Woman dressed as a zombie chases a frightened couple.

Zombie Mortgages: How To Survive Them

10Min Read
Updated: Oct. 28, 2025
FACT-CHECKED
Written By
Maya Dollarhide
Reviewed By
Jacob Wells

Zombie mortgages are unpaid debts that seemingly come back from the dead to haunt homeowners. When a zombie mortgage claim arises, borrowers may be alarmed to discover that they still owe a lot of money on a loan they believed had been paid off or settled.

You may not survive a zombie apocalypse, but armed with the proper knowledge, you can learn how to avoid being a victim of a real-life zombie mortgage threat. Here’s a complete guide to zombie mortgages and how to survive them.

Key Takeaways:

  • A zombie mortgage is a mortgage loan that a borrower thought was settled or forgiven, only to find out it was not, sometimes years later.
  • Zombie mortgages are typically not owned by the original loan servicer, but rather by debt collectors who purchase them, often adding fees and interest to the original balance.
  • Many zombie mortgages happen when a borrower has taken out a zero-down 80/20 loan, a home equity line of credit (HELOC) or a home equity loan (second mortgage).

What Is A Zombie Mortgage?

A zombie mortgage is a home loan you thought was paid off or forgiven, but is still active with a lien remaining on the property, according to the Consumer Financial Protection Bureau. This can happen when lenders write off a debt, such as a second mortgage, and sell it to debt collectors, real estate investors, hedge funds and other buyers. When this happens, a borrower may stop receiving statements or communication on their mortgage or refinance loan and assume the debt is settled.

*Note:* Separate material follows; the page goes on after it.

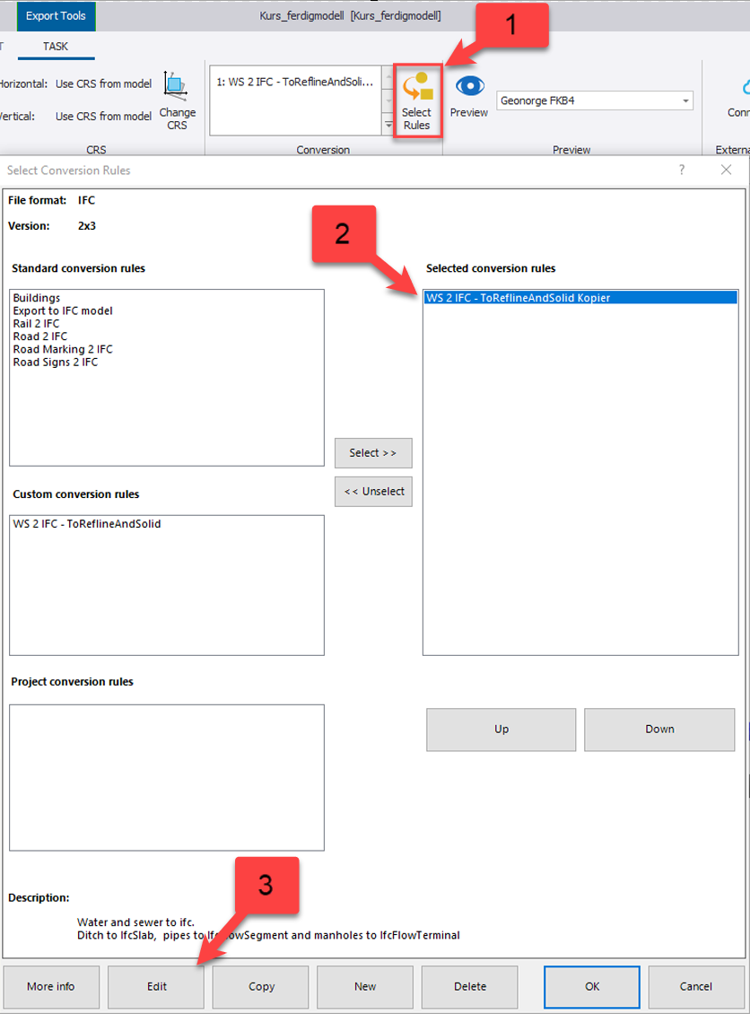 Chose one suited conversion rule (for example "WS2IFC" (Water and sewer 2 IFC)) and then press edit.

A zombie mortgage can be an ugly surprise when, years later, the servicer who purchased the lien reaches out and demands payment, including fees and interest, on the loan. If you can’t pay the loan or have it dismissed, your home could end up in foreclosure.

A zombie mortgage is not, however, the same as a zombie property. A zombie property refers to a home that sits vacant because it’s been forgotten or abandoned by its owners.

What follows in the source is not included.